While I do like my boss I do not really like the job or the company (it seems to have a very negative atmosphere which is the opposite of what I was looking for).

The bad thing is I left my last job on pretty bad terms. i was not fired...but I walked out after my boss humiliated me in front of everyone. I am afraid I can not get a good reference from them and will have to stay at the new job even thought it is making me miserable. Any advice is appreciated!


----------



## phoenix461 (Oct 21, 2005)

First, Lindsay - welcome to the MUT family! I'm Rosie from NYC.

As I understand labor laws nowadays, the former employer cannot say anything "negative", they can only confirm your length of employment and the position held. This however does not mean someone cannot say you were a great employee.

While it is difficult to work in a negative atmosphere, consider what it is that is so negative and think things through.

I certainly empathize with your situation as my boss decided to leave a very good firm to move to this firm and we have now been there almost 3 years. He is a fantastic boss and person and that I will not trade. When we first got to this firm, I was hissing like a mad snake as the atmosphere was and still is not conducive to respecting support staff. I stood my ground then as I do now and expect that if someone wants me to respect them, they will have to respect me. I am quite fortunate that of our many floors (large office), my floor has wonderful people on it. People have come to know of my sense of humor and that I will not tolerate nonsense so they behave very differently towards me than other staff, in that they show respect.

I hope you give it a chance and allow a good / great working relationship to develop with your boss before you make any decisions.

HTH.

Originally Posted by *LindsayBluth* I just started a new job 10 weeks ago...While I do like my boss I do not really like the job or the company (it seems to have a very negative atmosphere which is the opposite of what I was looking for).

The bad thing is I left my last job on pretty bad terms. i was not fired...but I walked out after my boss humiliated me in front of everyone. I am afraid I can not get a good reference from them and will have to stay at the new job even thought it is making me miserable. Any advice is appreciated!


----------



## Marisol (Oct 22, 2005)

Welcome to MUT!

The advice Rosie gave you is excellent.

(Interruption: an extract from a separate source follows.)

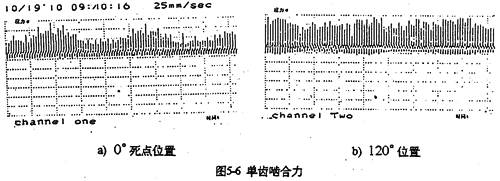 理想情況下,嚙合力的極小值在φ=0°、180°產(chǎn)生,極大值在φ=90°、270°產(chǎn)生,造成位置偏離的影響因素主要有軸承剛度,齒板剛度,嚙合角以及輸入轉(zhuǎn)速、傳動比等等。其中軸承剛度的影響極大。在死點的嚙合力也產(chǎn)不并一定為零。哈合力可能為負值。為負值時,將阻礙傳動的正常轉(zhuǎn)動,產(chǎn)生內(nèi)齒輪副的干涉現(xiàn)象。并引起減速器沖擊振動。因此,按照嚙合力過死點時為零的假設(shè)分布規(guī)律以及嚙合力為常數(shù)分布規(guī)律的模型分析,所得結(jié)果都是不可靠的。圖5-6是齒板死點位置180°及另一齒板位于超前120°嚙合點的單齒嚙合圖的測試結(jié)果。圖中每一棒線代表被測齒受嚙合力作用一次。比較兩圖可知,死點位置嚙合力總體水平低于120°位置時的嚙合力總體水平,與理論分析計算的結(jié)果完全吻合。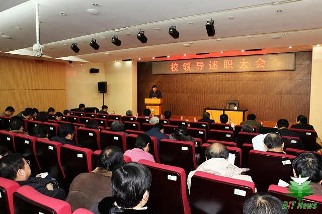 1月14日下午,按照工业和信息化部党组的部署和学校工作安排,我校举行了2009年度校领导述职大会。会议由校党委书记郭大成主持。工业和信息化部人事教育司副司长尹卫军,人教司直属干部处雷凯喆,北京市委教育工委联络员沈云锁同志出席会议。我校党政领导班子成员,原校领导代表,院士、长江学者、杰青、二级岗教授代表,学校中层正职干部,以及其他教职工代表、民主党派代表等共110余人参加了大会。会上,11位校领导分别从德、能、勤、绩、廉等五个方面做了个人年度工作述职。

She is right in that a former employer cannot tell a potential employer whether or not you were a good employee. All they can state is that you worked there and for how long.

Give your new job a chance. It may be that you aren't used to the company or maybe they are going through a transition. Give it a few more months and if you are still unhappy, then maybe it is time to think about a move. Also, have you talked to your boss about the way you are feeling? Maybe talking about it will help.


----------



## Amethyst (Oct 24, 2005)

Really? I didn't know that was the case. I happen to know that this woman I used to work along side at a former job got a bad reference from her former employer. I knew about it because it came from my former boss. But I can't say anything for fear my job would have been in jeopardy. (sounds confusing right?)

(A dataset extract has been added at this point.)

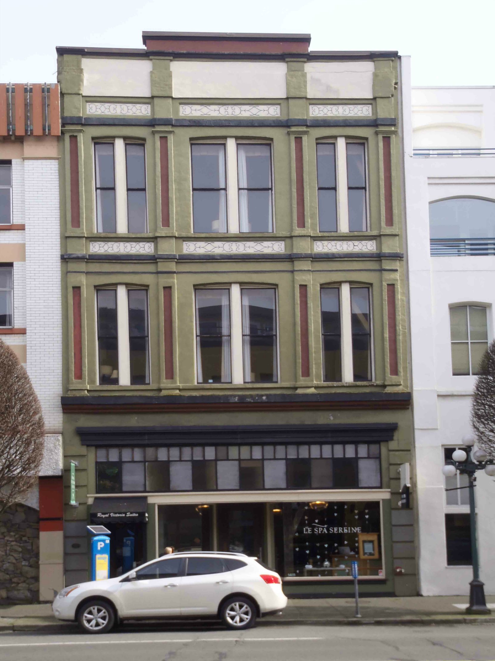 This building at 1411 Government Street was built in 1891, at an estimated construction cost of $9,000, for George Powell & Co., a hardware dealer. It is currently divided into 10 strata units, with one commercial strata unit on the main floor, or street level, with 9 residential strata units on the second and third floors.

Phoenix - you sound like someone fun to work with. Fun yet FAIR !


----------



## phoenix461 (Oct 24, 2005)

Oooh - do I hear lawsuit? LOL (being serious though as it will be "hear say - tough to prove).

Amethyst - thanks! I do have a pretty good sense of humor and try to roll w/the punches. I only get crazy when someone passes the buck of is rude, lazy and stupid and I have seen a number of those in my life time.

Originally Posted by *Amethyst* Really? I didn't know that was the case. I happen to know that this woman I used to work along side at a former job got a bad reference from her former employer. I knew about it because it came from my former boss. But I can't say anything for fear my job would have been in jeopardy. (sounds confusing right?)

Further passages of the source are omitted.